Backgrounds: Polycystic ovary syndrome affects 7% of women of reproductive ages. Poor-quality oocytes, along with lower cleavage and implantation rates, reduce fertilization.
Objective: This study aimed to determine crucial molecular mechanisms behind PCOS pathogenesis and repurpose new drug candidates interacting with them. To predict a more in-depth insight, we applied a novel bioinformatics approach to analyze interactions between the drug-related and PCOS proteins in PCOS patients.
Methods: The newest proteomics data was retrieved from 16 proteomics datasets and was used to construct the PCOS PPI network using Cytoscape. The topological network analysis determined hubs and bottlenecks. The MCODE Plugin was used to identify highly connected regions, and the associations between PCOS clusters and drug-related proteins were evaluated using the Chi-squared/Fisher's exact test. The crucial PPI hub-bottlenecks and the shared molecules (between the PCOS clusters and drug-related proteins) were then investigated for their drug-protein interactions with previously US FDA-approved drugs to predict new drug candidates.

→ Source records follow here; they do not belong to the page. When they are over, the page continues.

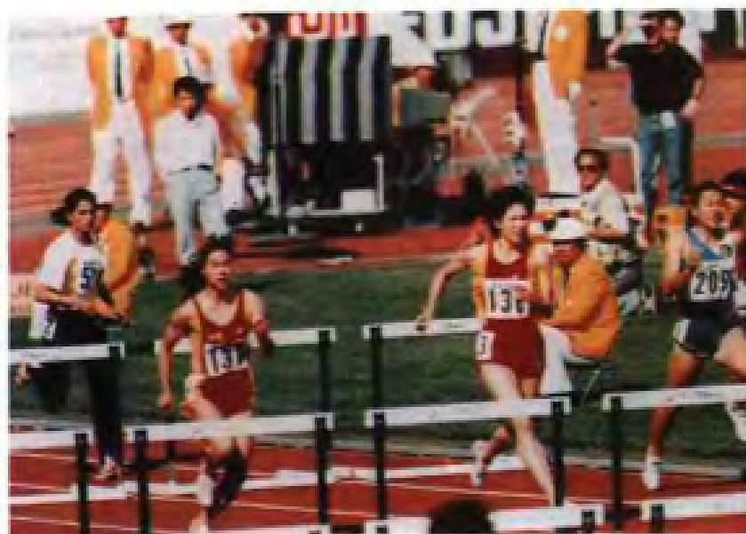
▲女子100米栏亚洲纪录创造者—刘华金（右二）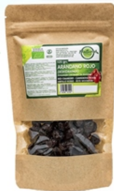
Arándano Rojo Red Cranberry 125 grs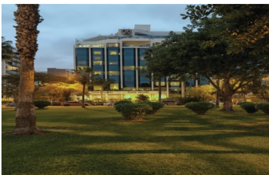
Belmond Miraflores Park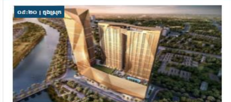
គម្រោង The Peak កំពុងស្ថិតក្នុងភាពចម្រៀងចម្រាស់ជាមួយគ្រុឌហ៊ុនម៉ែត្រស្រស់ស្អាត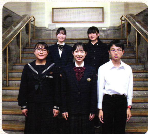
発表者のみなさん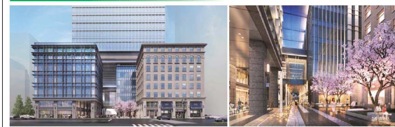
イメージパース(中央通り側からガレリアを望む)

募集人員 30名(先着順) *定員になり次第、締切らせていただきます。あらかじめご了承ください。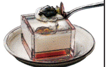
山芋のカクテル キヤビア添え

山芋の和風ムース キヤビアとワサビを添えて 620 Japanese-style Mountain Yam mousse with caviar and wasabi / 山芋和風慕斯配 合キヤビアとワサビ添え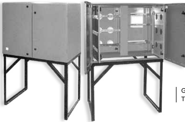
Gabinete de obra TRIELEC San Juan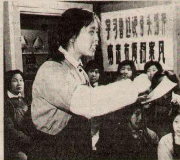
Dans toute la Chine, de nombreuses réunions politiques ont préparé la commémoration du Premier Mai.

Le soir, de magnifiques feux d'artifice étaient tirés en divers points de la capitale brillamment décorée de lanternes et de banderoles.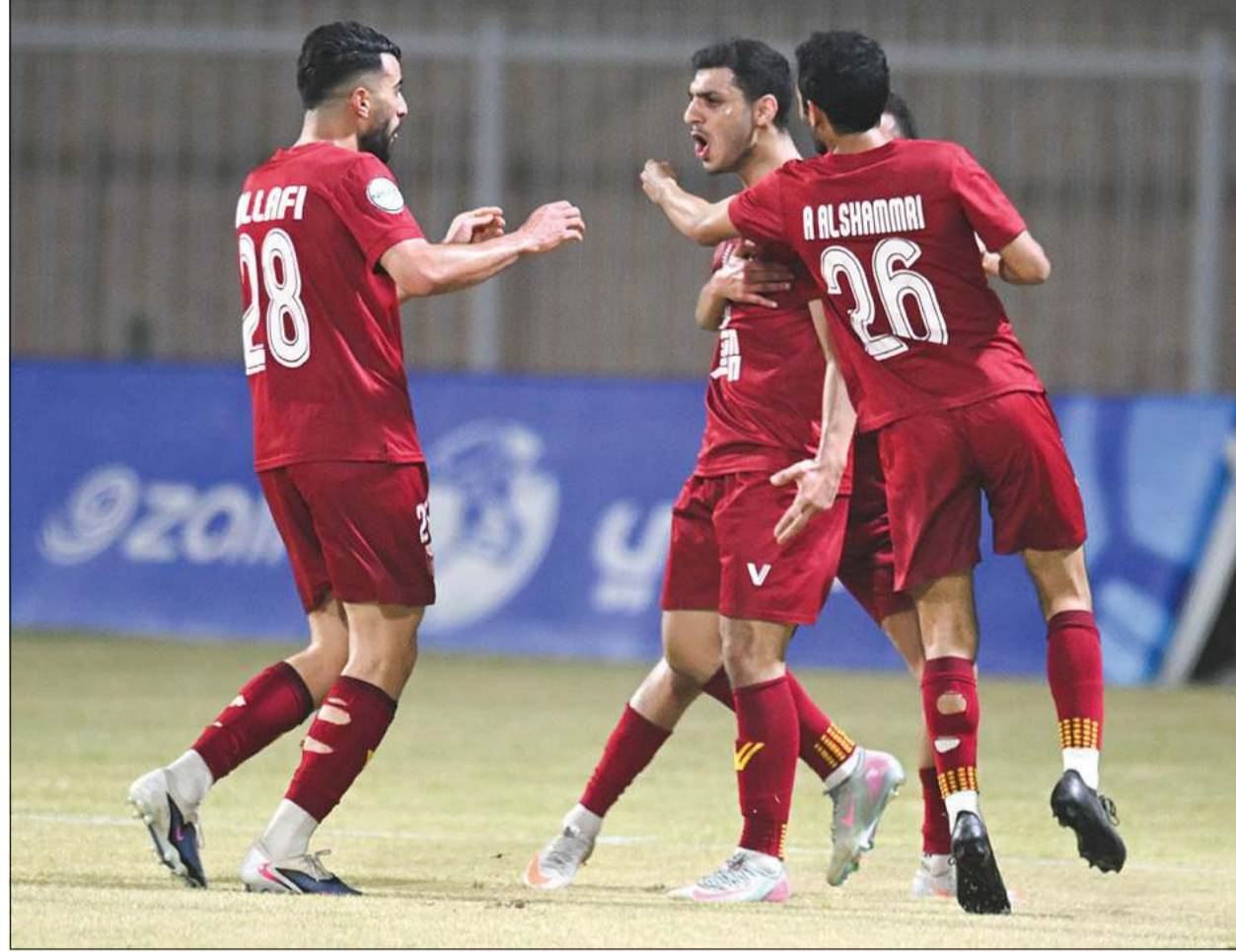
مستوى ثابت وتلق كبير للنصر في الجولات الأخيرة

من الواضح أن العربي يعاني فنيا أكثر مما يعاني بدنيا، فالفوارق بينه وبين منافسيه كبيرة، لكن في أوقات كثيرة تحد الفريق بتشكيلة وتديلات غير موفقة، وهو ما حدث في مواجهة التضامن السابقة وتكرر في مباراة الجهراء، رغم أنه كان في أمس الحاجة لتلك النقاط التي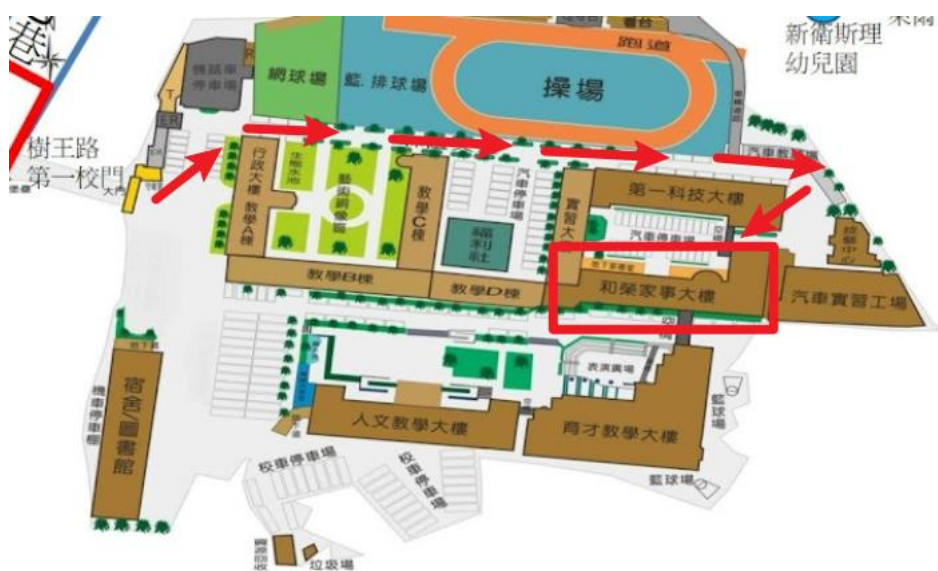
(臺中市立僑泰高級中學校內地圖)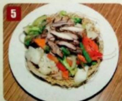
5 Poulet et légumes 9.95 Chicken and vegetables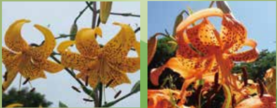
キヒラトユリ コオニユリ 6月中下旬が見ごろです!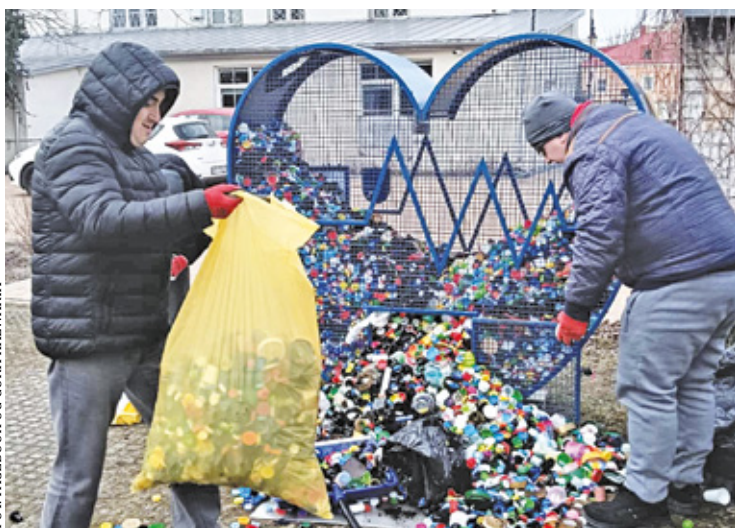
Na zdjęciach widać śmieci, które mieszkańcy postanowili wcisnąć przez niewielki otwór do pojemnika

– Podczas kolejnego opróżnienia przez WTZ Góra Kalwaria okazało się, że wrzucono tutaj m.in. opakowania po lekach, baterie, żarówki oraz... od-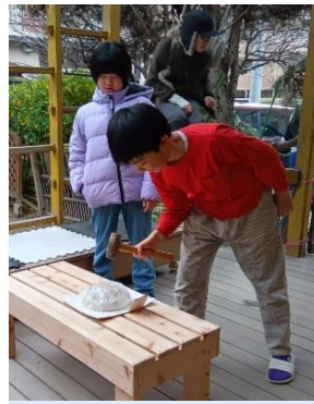
鏡餅を槌で割ります！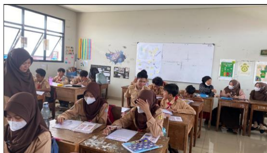
Gambar 4 Pelaksanaan Posttest Menulis Teks Deskripsi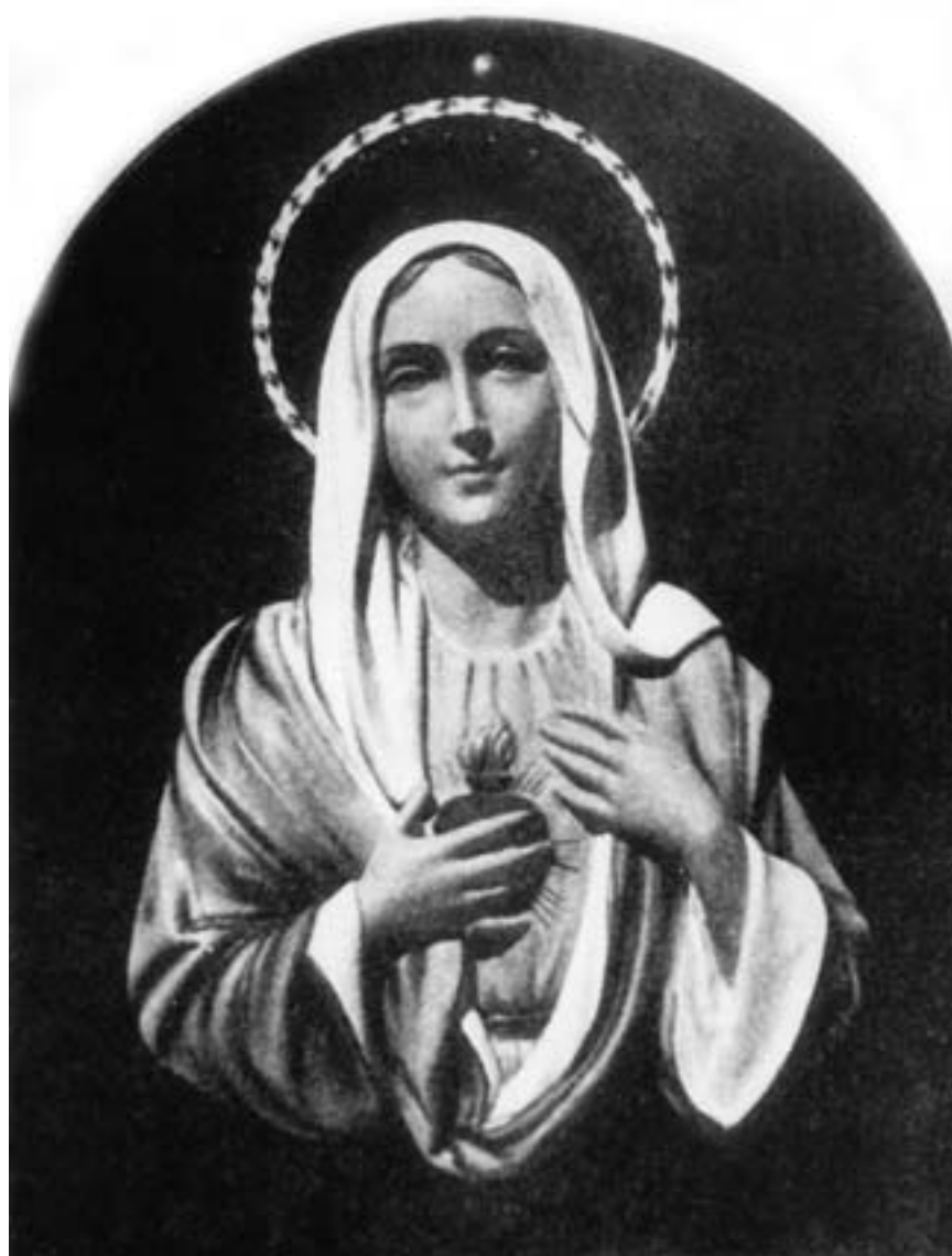
Сльози Марії в Сиракузах (Сіцилія)

З 27 березня 1966 р. 35-ти річний Енцо Алоччі, батько семи дітей, переживав часті візії Матінки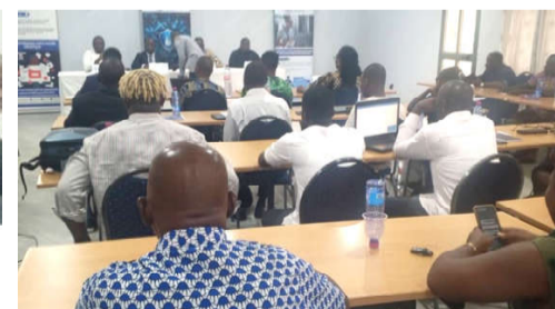
...aux journalistes à la clôture de la formation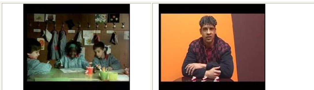
Cuadro 3. Spots de "Dóna corda al catalá", de 2005.

En este caso el aspecto más destacado por los inmigrantes fue la presencia en el spot de un personaje público (el entrenador del Fútbol Club Barcelona Franck Rijkaard) como líder de opinión. El empleo de personajes cercanos y pertenecientes a un elemento aglutinador cumple una doble función: presenta a un extranjero plenamente integrado en la sociedad española y a su vez es un elemento de cohesión social (el deporte concretado en el fútbol).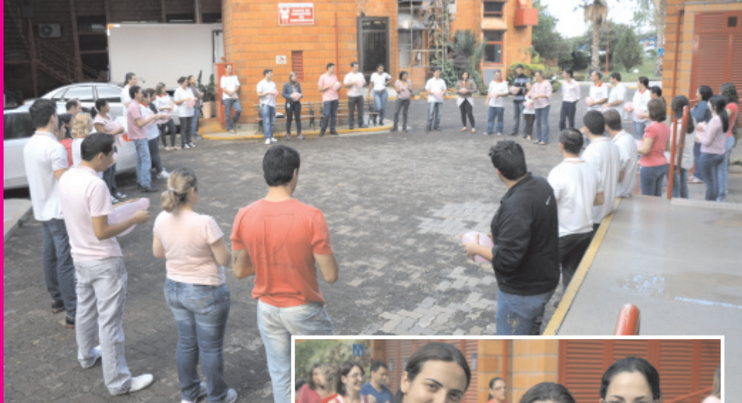
Colaboradores participam de dinâmica

"Foi um grande prazer participar da campanha. Confesso que enquanto preparava as dinâmicas aprendi bastante. A informação e conhecimento estimulam a prática das ações preventivas. Vamos nos cuidar", relatou Viviane.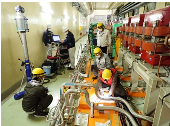
Figure 3: Marking the center of the electromagnet and the tapped hole position

大穂直線部には高さの違う2種類ベースプレートが存在する。1つは KEKB 時代に製作された床面から高さ 90 mm ほどのベースプレートで、改造前の四極電磁石はこのプレートに設置されていた。もう1つは、SuperKEKB 時代にウィグラー電磁石を設置するために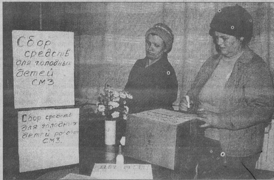
На снимке: активистки женсовета заканчивают последние приготовления к проведению акции милосердия.

Пикеты по сбору средств будут выставлены сегодня, 1 февраля, и завтра, 2 февраля у ресторана "Дюны", магазинов "Сосновый Бор", "Таллин", "Ленинград", торговых центров в 10а, 10б и 4 микрорайонах с 11 до 15 часов. Принимаются консервированные продукты и денежные пожертвования.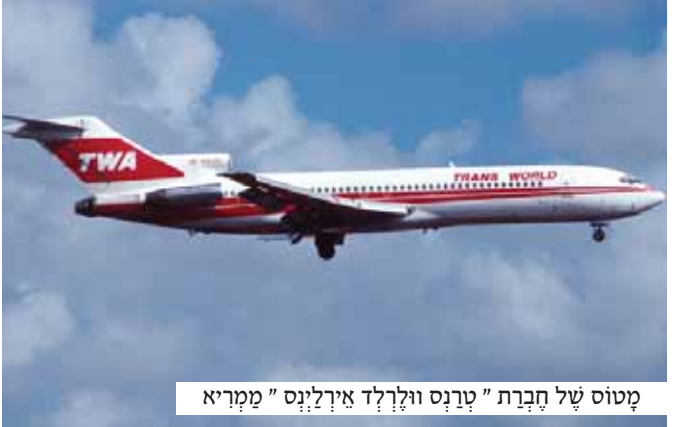
מטוס של חברת "טרנס וולרלד אירליינס" ממריא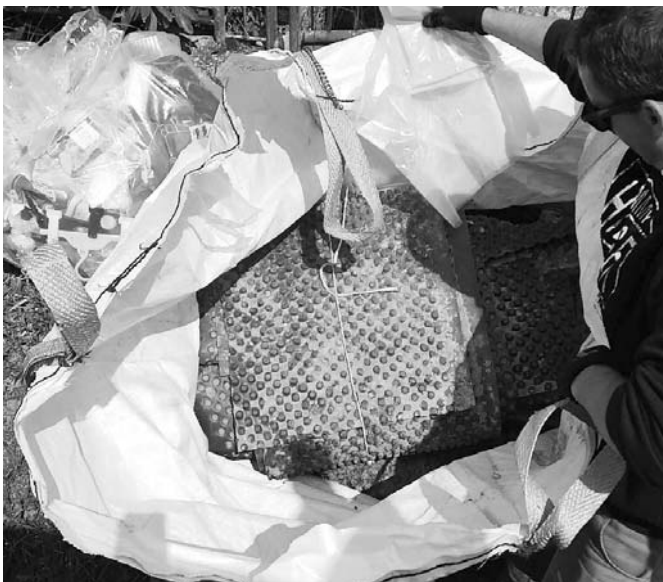
• V komunálnom odpade pracovníci nachádzajú rôzne veci, ktoré tam nepatria.

Systém odpadového hospodárstva v mestách a obciach na Slovensku je nastavený tak, aby sme boli motivovaní k separácii. Aj keď nie formou adresnej zľavy na poplatku za odpad pre tých, ktorí separujú, ale zatiaľ formou kolektívnej zodpovednosti. Minulý rok vstúpil na Slovensku do platnosti nový zákon, ktorý nastavil pravidlá tak, že výška poplatku za uloženie tony odpadu na skládke sa pre mestá a obce mení podľa toho, koľko odpadu vyprodukujú. Čím menej KO vyprodukujú, tým menej zaplatia za každú uloženú tonu na skládku a naopak. Preto je pre nás dôležitým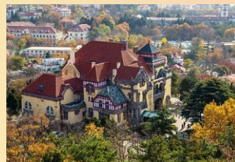
【德國總督府舊址博物館】

【棧橋】：棧橋位於青島中心城區的南部海濱，是一條440公尺長的海上長廊，從陸地延伸入海中。棧橋建於清光緒年間（1892年），已有百年歷史，棧橋曾是青島早期的軍事專用人工碼頭，如今被視為青島的象徵。棧橋盡頭的迴瀾閣，則是青島近代歷史的見證。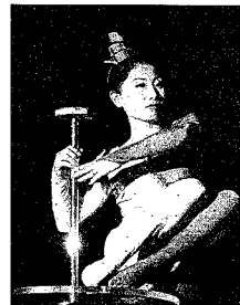
El contorsionismo también estuvo presente en la sala.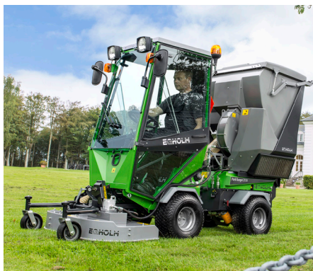
Rotor-/multiklippare 1000 med gräsuppsamlare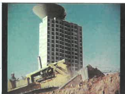
Légende : Construction de la tour Plein Ciel à Montreynaud.

Projection de films d'archives sur le quartier choisi ou sur le centre ville qui a été beaucoup filmé dès 1930. La Cinémathèque ne dispose pas toujours de 40 min de films sur tous les quartiers de la ville et votre venue est aussi pour découvrir des images d'archives sur Saint-Etienne. Nous regroupons deux classes si les quartiers sont proches. Quelques exemples de quartiers représentés en images filmées : Métare/Beaulieu, Beaubrun / Tarentaize, Montreynaud, Fauriel / Rond-Point, Centre 2 / Tréfilerie, Saint-François/Fourneyron/Châteaucreux/ Montat, Saint-Roch/Chavanelle.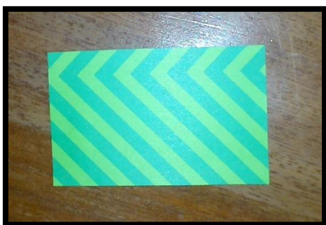
Fig.3. Preguntas sobre el estilo de vida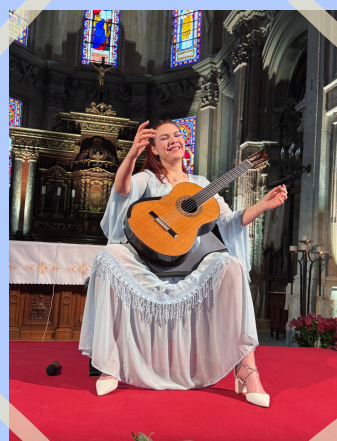
17 mai : Concert de Vera Danilina pour le Festival d'Auvers-sur-Oise à l'église d'Ennery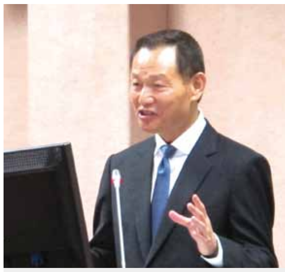
主委李翔宙到任後，向立法院外交及國防委員會業務報告，說明輔導會今後重點工作。

【本刊訊】輔導會新任主委李翔宙向立法院外交及國防委員會業務報告表示，未來輔導會有六項重點工作，包括：廣續推動退除役官兵服務照顧工作；並配合募兵政策，置重點於服役四至九年之青壯及低階退除役官兵在就業、就業上的多元化需求，以提升他們的就業競爭力，順利退後就業。二、寬整年金改革意見，爭取合理權益，規劃藉由辦理「榮民代表懇談會」、「服務網座談」及訪視榮民等時機傾聽民意，於八月底前完成與革意見寬整。 六項重點工作如下： 一、廣續推動退除役官兵服務照顧工作：在既有基礎上，持續推動退除役官兵的服務照顧工作。並配合募兵政策，置重點於服役四至九年之青壯及低階退除役官兵在就業、就業上的多元化需求，以提升他們的就業競爭力，順利退後就業。 二、寬整年金改革意見，爭取合理權益，規劃藉由辦理「榮民代表懇談會」、「服務網座談」及訪視榮民等時機傾聽民意，於八月底前完成與革意見寬整。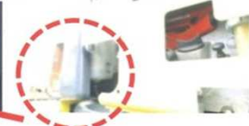
②エンジンオイル検油部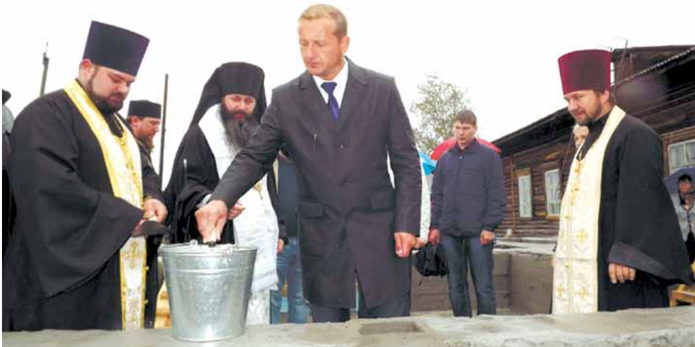
Чин закладки камня в основание храма в честь Святой Троицы

Не прошло и месяца с момента закладки камня, как уже завершаются работы по возведению стен нового храма, кроме того строители приступили к выкладке восьмигранника купола. Прихожане ждали этого момента 17 лет, вполне возможно, именно поэтому процесс строительства идет такими быстрыми темпами.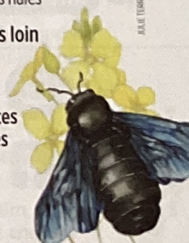
Bestiaire : espèces emblématiques et insolites P. 49

Results: The PI3K/AKT pathway was significantly related to one PCOS subnetwork and most drugs (metformin, letrozole, pioglitazone, and spironolactone); moreover, VEGF, EGF, TGFB1, AGT, AMBP, and RBP4 were identified as the shared proteins between the PCOS subnetwork and the drugs. The shared top biochemical pathways between another PCOS subnetwork and rosiglitazone included metabolic pathways, carbon metabolism, and citrate cycle, while the shared proteins included HSPB1, HSPD1, ACO2, TALDO1, VDAC1, and MDH2. We proposed some new candidate medicines for further PCOS treatment investigations, such as copper and zinc compounds, reteplase, alteplase, gliclazide, Etc.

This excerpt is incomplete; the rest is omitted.